30I also note a contradiction between the FAE, in which the applicant reported he is performing his personal care and no longer needs help, and Mr. Agaton’s observation that the applicant needs assistance with his personal care. In the FAE, it is stated that there are limitations but these would not preclude the applicant from performing the majority of his home maintenance and housekeeping activities. Based on the totality of the evidence, I find that, despite some minor limitations, the applicant has returned to his pre-accident level of functioning and is able to perform the activities of his daily living. On this basis, I find the assessments are not reasonable and necessary.
Claim for an Award under Section 10 for Unreasonably Held or Delayed Payments
31The applicant claims he is entitled to an award for unreasonably held or delayed payments.
32Section 10 of Ontario Regulation 664 permits the Tribunal to award a lump sum of up to 50% of the amount to which the insured person (i.e., the applicant) was entitled at the time of the award together with interest on all amounts then owing (including unpaid interest) if it finds that that an insurer (i.e., the respondent) has “unreasonably” withheld or delayed payments.
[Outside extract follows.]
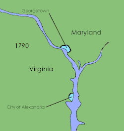 Congress determined, in the Residence Act of 1790, that the nation's capital be on the Potomac, between the Anacostia River and today's Williamsport, Maryland, and in a federal district up to 10 miles square. The exact location was to be determined by President George Washington, familiar with the area from his nearby home and properties at Mt. Vernon, Virginia.
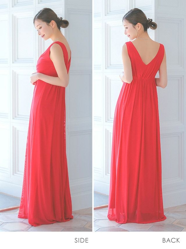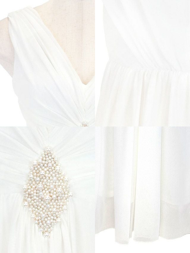 ノースリーブVネックウエストパールドレープAラインロングドレスの商品詳細1

33Having found that the applicant is not entitled to the assessments there is no basis on which to make an award. The applicant’s award request is dismissed.
CONCLUSION
34For the reasons outlined, I find that:
a. The applicant is not entitled to a claim for the cost of the three assessments. The applicant is not entitled to an award for unreasonably held or delayed payments under section 10 of Ontario Regulation 664.
b. Interest is not payable as there are no overdue payments.
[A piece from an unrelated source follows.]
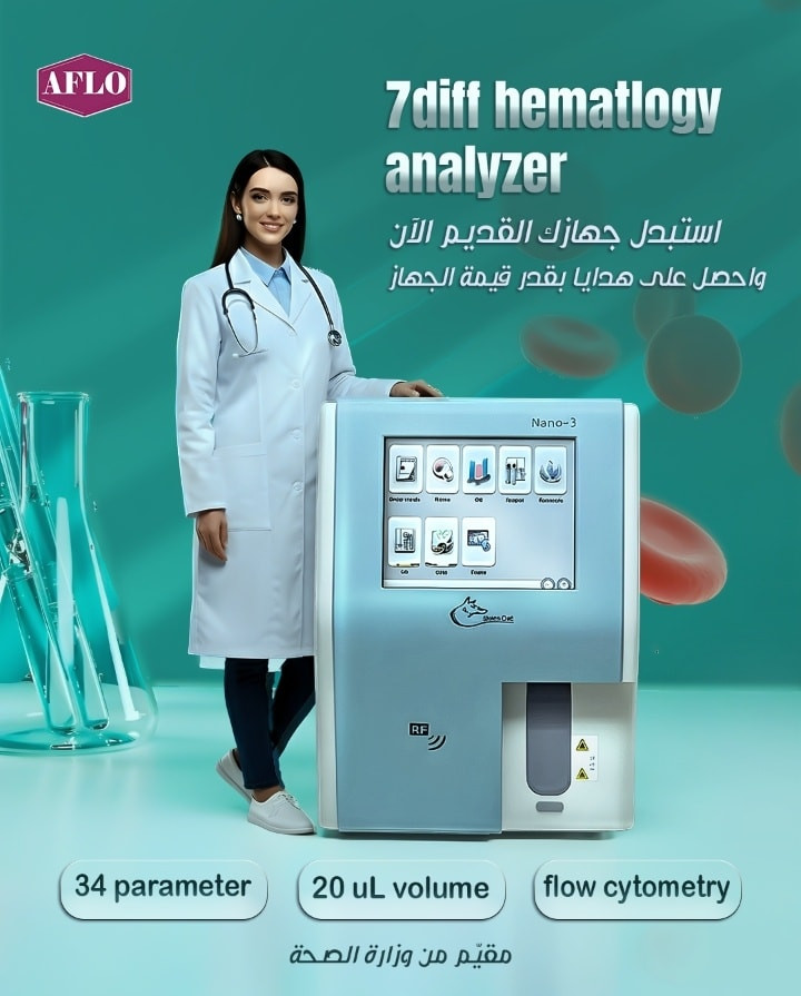 Hematology Analyzer Genolabtek USA🇺🇸 💥Flow cytometry (FCM)+ Tri-angle laser scatter 💥 7part - differential 5 types of WBC, Large amateur cells , atypical lymphocytes, nucleated RBC , CSF 🌷ضمان حقيقي (7) سنوات . 🌷سريع بإعطاء النتائج 33 باراميترز 60 عينة بالساعة 🌷نظام الكابلري للاطفال والتخفيف المسبق للعينة 🌷شاشة Touch Screen و حجم مثالي 🌷خزن 100،000 نتيجة 🌷يعمل بثلاث محاليل ذات ثباتية ودقة عالية لمزيد من المعلومات نرجو التواصل عبر هاتف الشركة ( ***********) #Nano5 #Nano3 #Hematology

Released: October 12, 2018
____________________________
Thérèse Reilly
Adjudicator
Footnotes
- R.R.O. 1990, Reg. 664
- Written submissions of the applicant, paragraph 6.
- Vocational Evaluation, April 10, 2014, Applicant document brief, Tab 2.
- Respondent’s written submissions, paragraph 11. Report of Dr. Jenkinson, dated January 17, 2014. Tab 1, applicant’s document brief.
- Written submissions of the applicant, paragraph 15.
- Affidavit of the applicant paragraph 30.
- Affidavit of the applicant, dated July 23, 2018, paragraph 14
- Written submissions of the respondent, paragraphs 14 and 15.
- CNR’s of Dr. Penhearow, Tab G, written submissions of the respondent, paragraph 12.
- Written submissions of the respondent, paragraph 12.
- Report of Dr. Oshidari dated July 7, 2016 Tab 1, Written submissions of the respondent, paragraphs 21-23.
- Written submissions of the respondent, paragraph 26. Reports are at Tabs I and J.
- Independent Medical Report dated June 8, 2016, applicant document brief, Tab 15.
- Written submissions of the respondent, paragraph 30.
- Functional Abilities Evaluation, written submissions of the respondent, paragraphs 32, 33 and Tab N.
- Affidavit of the applicant, dated July 23, 2018, paragraph 11.
- Employment counselling report, dated December 10, 2014, Tab 3 of Applicant Document Brief.
- Affidavit of the applicant, dated July 23, 2018, paragraphs 16 to 19.
- Affidavit of the applicant, dated July 23, 2018, paragraphs 17 and 18.
- Orthopaedic Surgery Assessment Report of Dr. Soriano, dated September 12, 2017, document brief of the applicant, tab 26.